Question

I'm trying to install the command-line version of Tor. I have actually already done so using Homebrew, but it gives me the following notice:

[notice] Your OpenSSL version seems to be 0.9.8y. We recommend 1.0.0 or later.

So I updated OpenSSL. openssl version now yields in 1.0.1f.

When I run which openssl in Terminal, it returns with /usr/local/bin/openssl. When I run which tor in Terminal, it returns with /usr/local/bin/tor.

So why isn't Tor seeing the updated version of OpenSSL?

Was it helpful?

Solution 2

I uninstalled Tor via Homebrew and installed it again via Homebrew. I needed to have my $PATH set BEFORE I installed Tor. Doing this fixed my problem.

OTHER TIPS

So why isn't Tor seeing the updated version of OpenSSL?

Mac OS X will do as much as it can to load 0.9.8 in /usr/lib:

$ find /usr/ -iname libssl*
/usr//lib/libssl.0.9.7.dylib
/usr//lib/libssl.0.9.8.dylib
/usr//lib/libssl.dylib

LD_PRELOAD is not honored on Mac OS X (IIRC). Try using DYLD_LIBRARY_PATH. But be sure your Tor linked against 1.0.1, and not 0.9.8. Otherwise, you'll catch obscure errors that make no sense.

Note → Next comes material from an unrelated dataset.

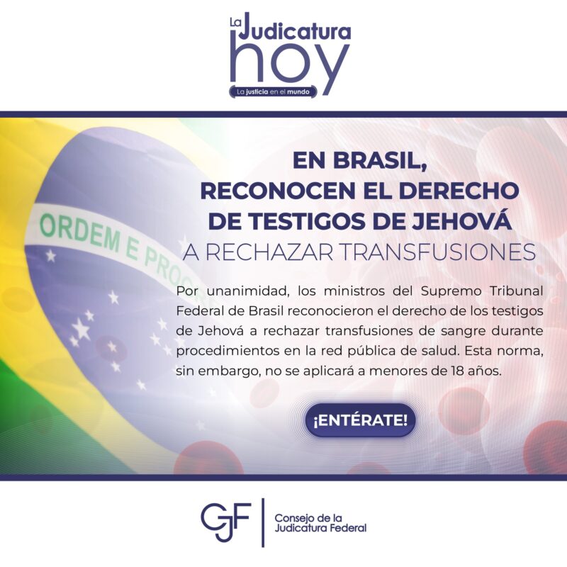 Consejo de la Judicatura FederalInfografías #LoMásLeído | En Brasil, el Supremo Tribunal Federal reconoció el derecho de los Testigos de Jehová a rechazar transfusiones de sangre. Por Araceli Bastida - enero 6, 2025 0 FacebookTwitterPinterestLinkedinReddItEmailWhatsAppTelegramVK

When I run which tor in Terminal, it returns with /usr/local/bin/tor

Did you build Tor yourself? If you built it yourself, then here's a few notes from the field with respect to Apple's linkers. (1) they silently ignore rpath's. (2) they silently ignore requests like -Bstatic. (3) more generally, they always link to the shared object if available (even on iOS where the only thing you are suppose to use is an archive). (4) LD_PRELOAD is not honored.

You have to be persistent to link to the OpenSSL in /usr/local/ssl/. The best way I have found is to remove -L, remove -lssl and remove -lcrypto from the makefiles; and add the full path names of the static archive at /usr/local/ssl/lib/libssl.a and /usr/local/ssl/lib/libcrypto.a.